No payment will be made with respect to the cancellation of any option that has a per share exercise price equal to or greater than $27.00.
Upon completion of the merger, any right you previously had to acquire any stock of the Company or the surviving corporation or any other equity interest in the Company or surviving corporation will be extinguished.
Pursuant to the terms of the Company’s 1996 Equity Compensation Plan, you may elect to exercise your outstanding options at any time prior to 5:00 p.m. on May 15, 2005 (but not later than the expiration date set forth in your option agreement). No options may be exercised after 5:00 p.m. on May 15, 2005. Any options that are not exercised prior to that time will be exchanged for a lump sum cash payment in the merger as described above.
You may exercise options other than Merger Accelerated Options pursuant to normal option exercise procedures (within the time frame prescribed above). The vesting of Merger Accelerated Options is contingent upon completion of the merger, so in the event you elect to exercise Merger Accelerated Options, you must complete a notice of exercise and deliver the exercise price and the applicable tax withholding amount in the form of a check payable to the Company prior to 5:00 p.m. on May 15, 2005. The Company will process the exercise of Merger Accelerated Options on the day immediately prior to the date the merger is completed.
Please note that you areNOT required to exercise any of your options prior to the completion of the merger. If you do not exercise your options, your options will be automatically cancelled immediately prior to the completion of the merger, and you will receive the payment (if any) described above with respect to the options.
Questions
If you have questions regarding this information, please call Benny Ward or Mike Hoban.
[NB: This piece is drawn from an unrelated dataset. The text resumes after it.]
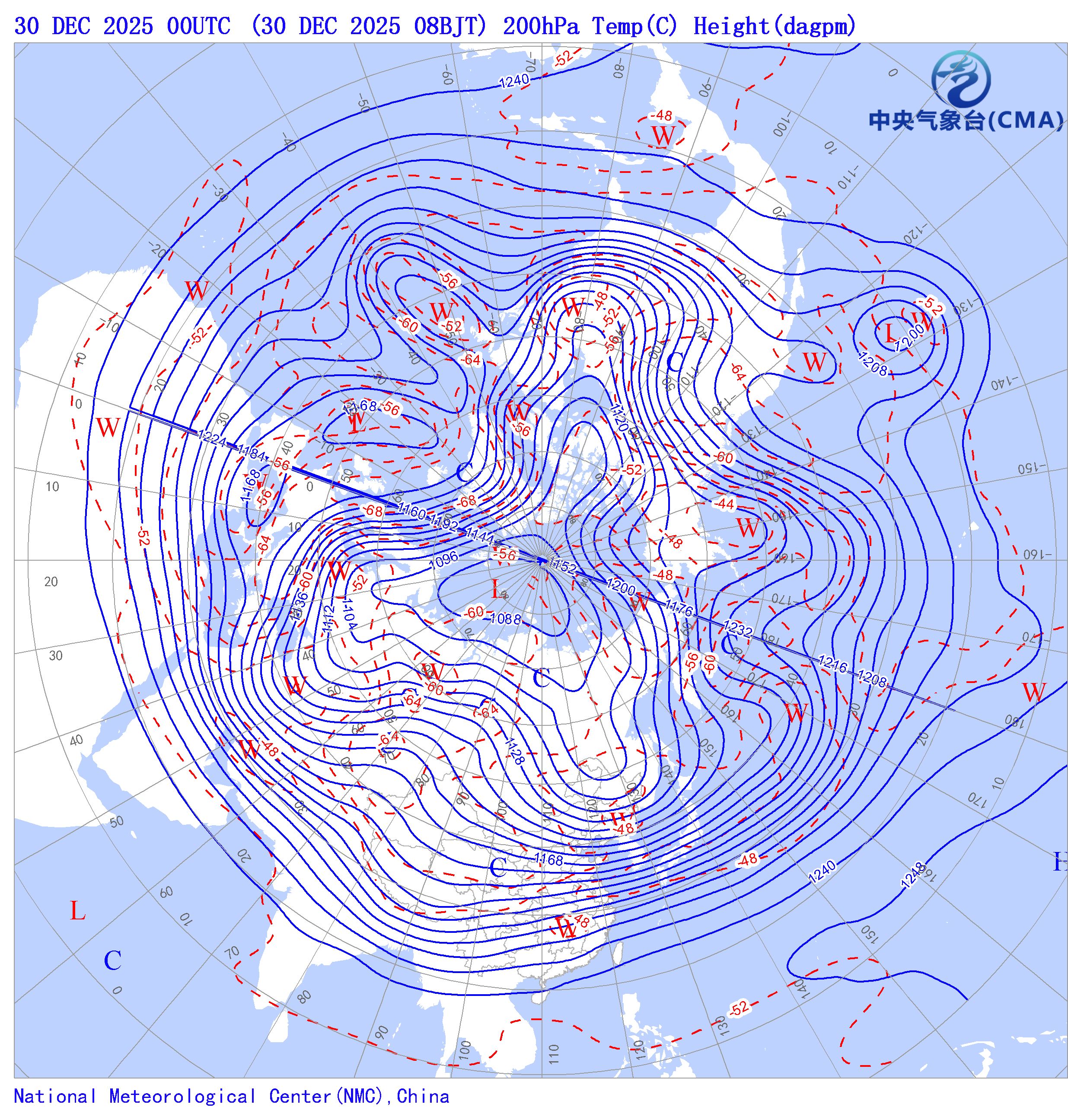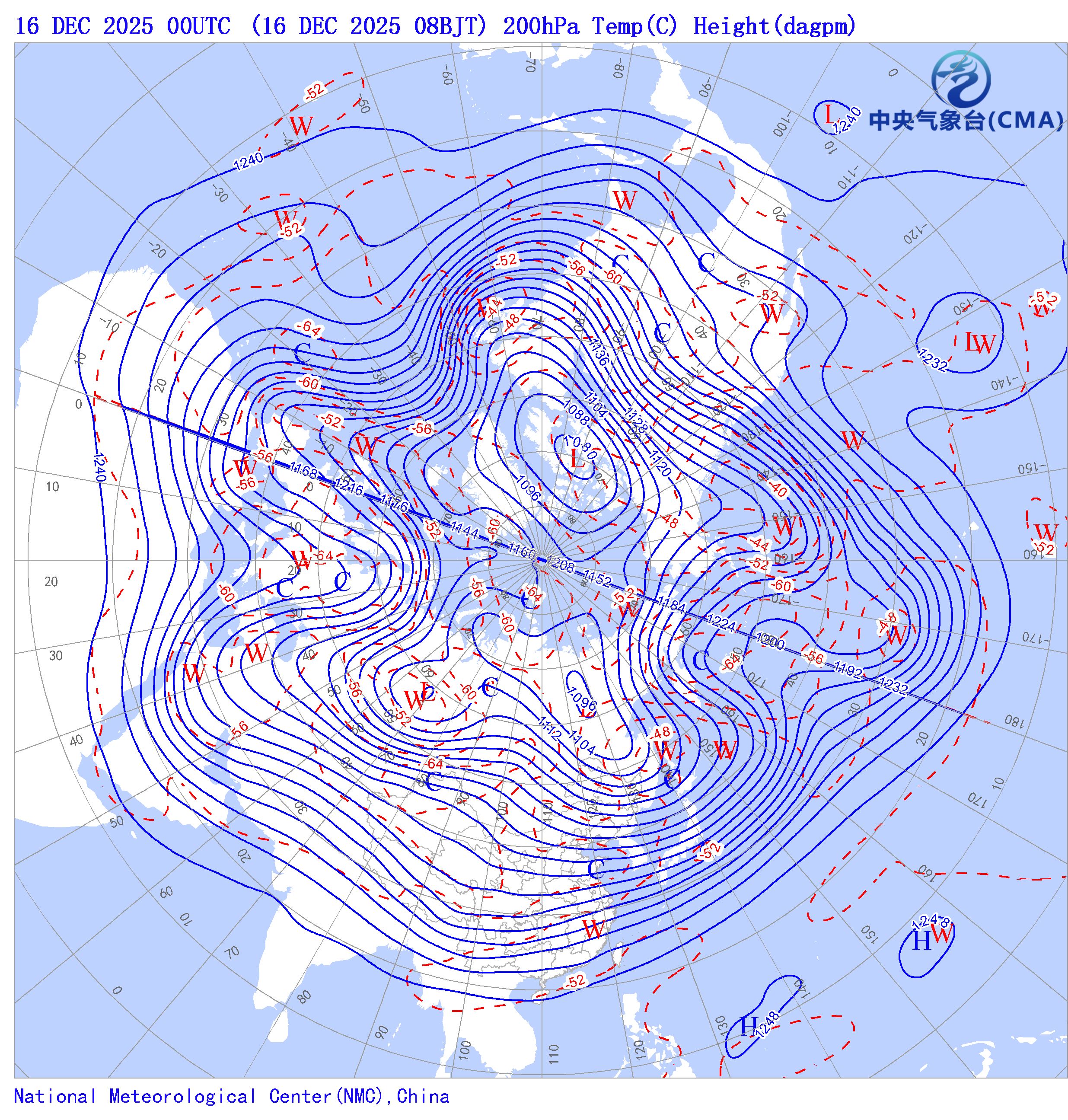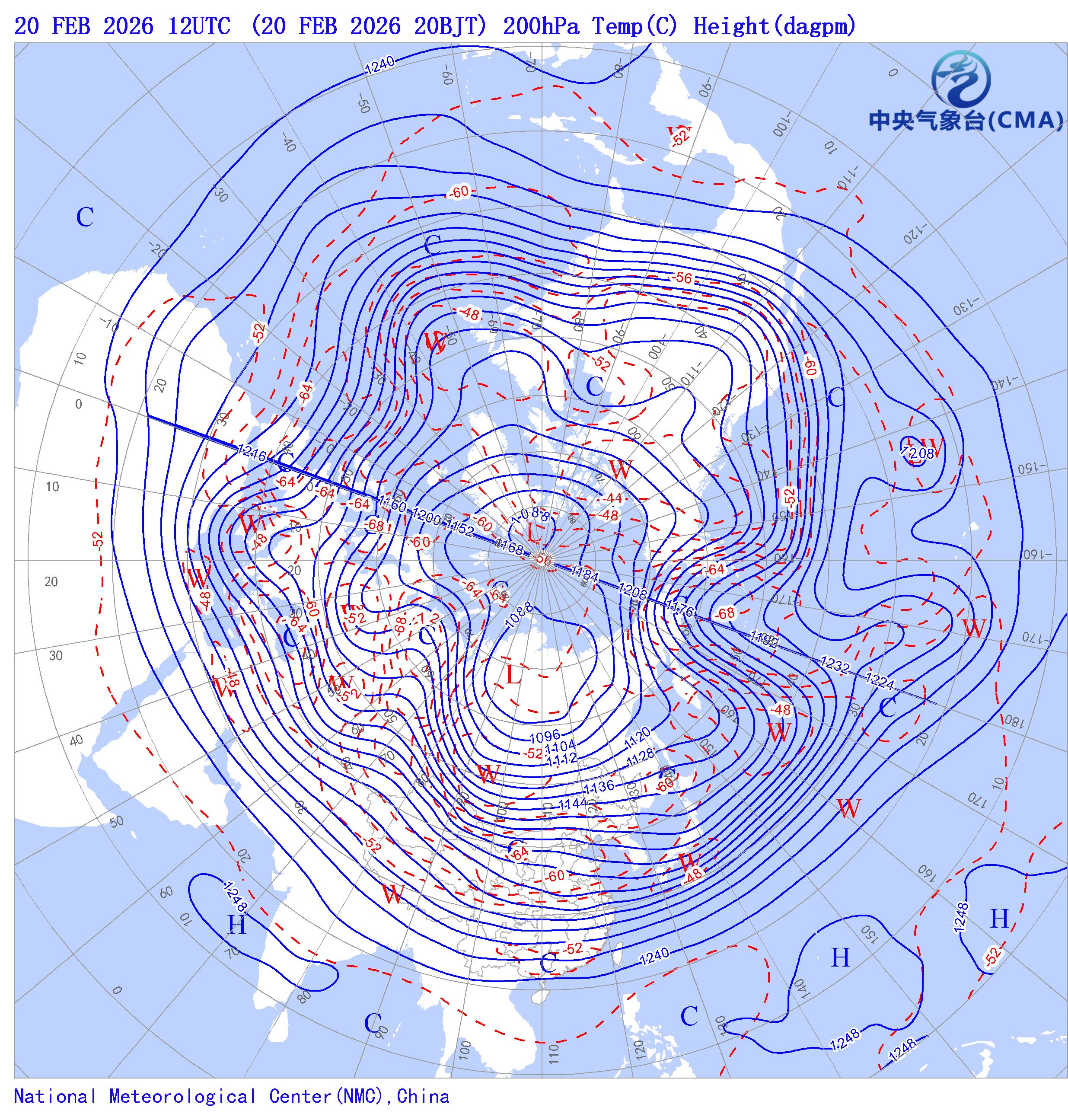 天气系统符号包括:高压中心(H)、低压中心(L)、暖中心(W)、冷中心(C)和台风符号;蓝色等值线为等高线(单位dagpm);红色等值线为等温线(单位℃),其中零摄氏度以下以虚线显示。

This material is not a substitute for the proxy statement the Company will file with the SEC. You are urged to read the proxy statement, including detailed risk factors, when it becomes available, because it will contain important information. The proxy statement and other documents, which will be filed by the Company with the SEC, will be available free of charge at the SEC’s website, www.sec.gov, or by visiting the Company’s website at www.closuremed.com.
The Company and certain of its directors, executive officers and certain other members of its management may be deemed to be soliciting proxies from the Company’s stockholders in connection with the proposed transaction. You may obtain a detailed list of names, affiliations and interests of Company participants in the solicitation of proxies of the Company’s shareholders by reading the proxy statement when it becomes available.